Problem statement ▸ In the entries that follow, the lines from the line containing "巴黎奥运会丨游泳——中国队获男子4x100米混合泳接力金牌" up to and including the line containing "Catholic’s Matt Gourdine" must be copied exactly, with pictures omitted.

Source data ▸
—————

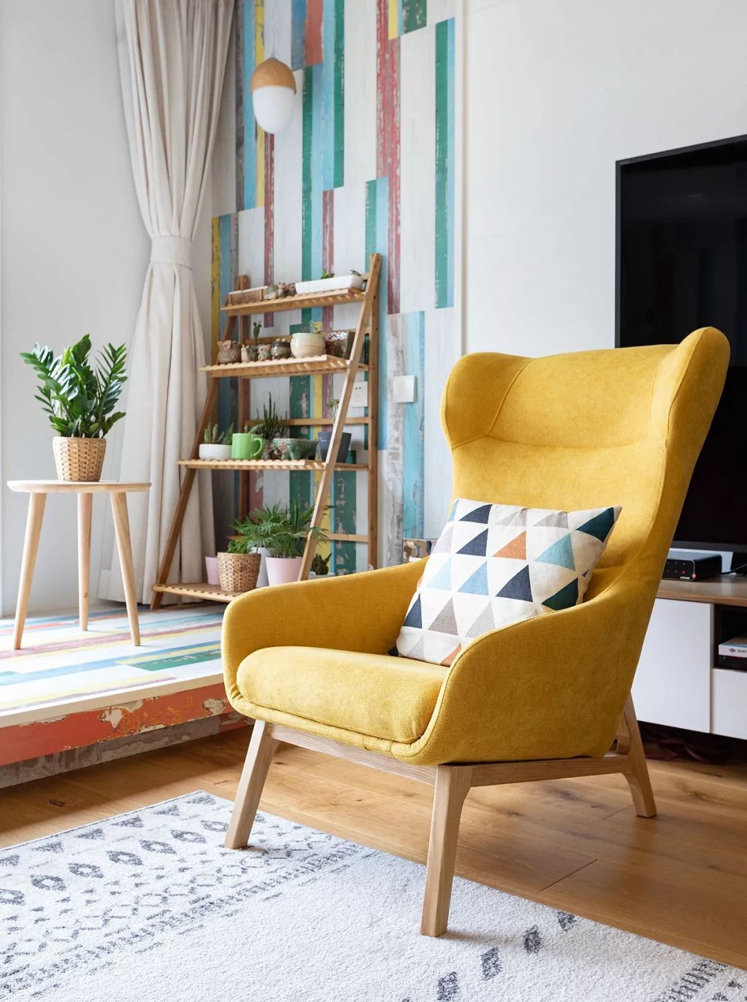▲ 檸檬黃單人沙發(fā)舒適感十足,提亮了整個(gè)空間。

—————

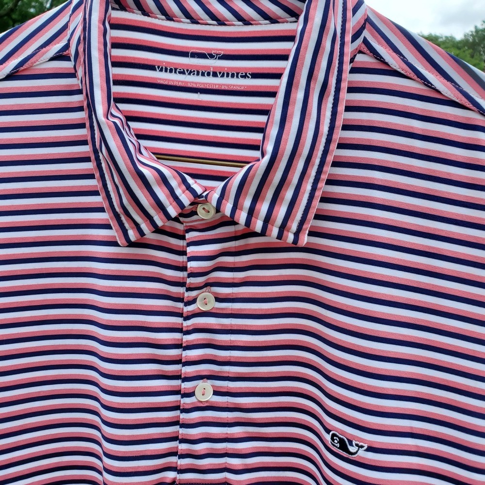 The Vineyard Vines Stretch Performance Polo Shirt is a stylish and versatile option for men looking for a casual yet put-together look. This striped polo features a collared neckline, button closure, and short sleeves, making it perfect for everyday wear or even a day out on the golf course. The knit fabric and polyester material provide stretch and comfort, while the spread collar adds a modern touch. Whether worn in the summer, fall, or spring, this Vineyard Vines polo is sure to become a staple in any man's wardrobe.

—————

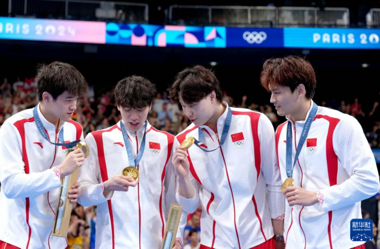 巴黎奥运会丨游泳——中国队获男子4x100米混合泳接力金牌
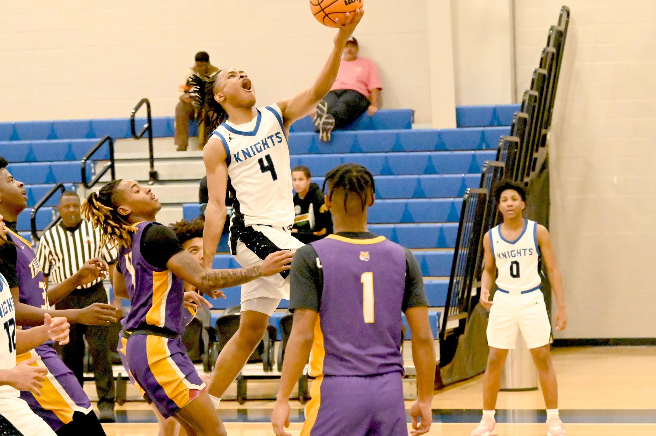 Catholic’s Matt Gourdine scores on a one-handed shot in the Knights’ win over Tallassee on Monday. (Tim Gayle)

—————

Exercise response ▸
 巴黎奥运会丨游泳——中国队获男子4x100米混合泳接力金牌
 Catholic’s Matt Gourdine scores on a one-handed shot in the Knights’ win over Tallassee on Monday. (Tim Gayle)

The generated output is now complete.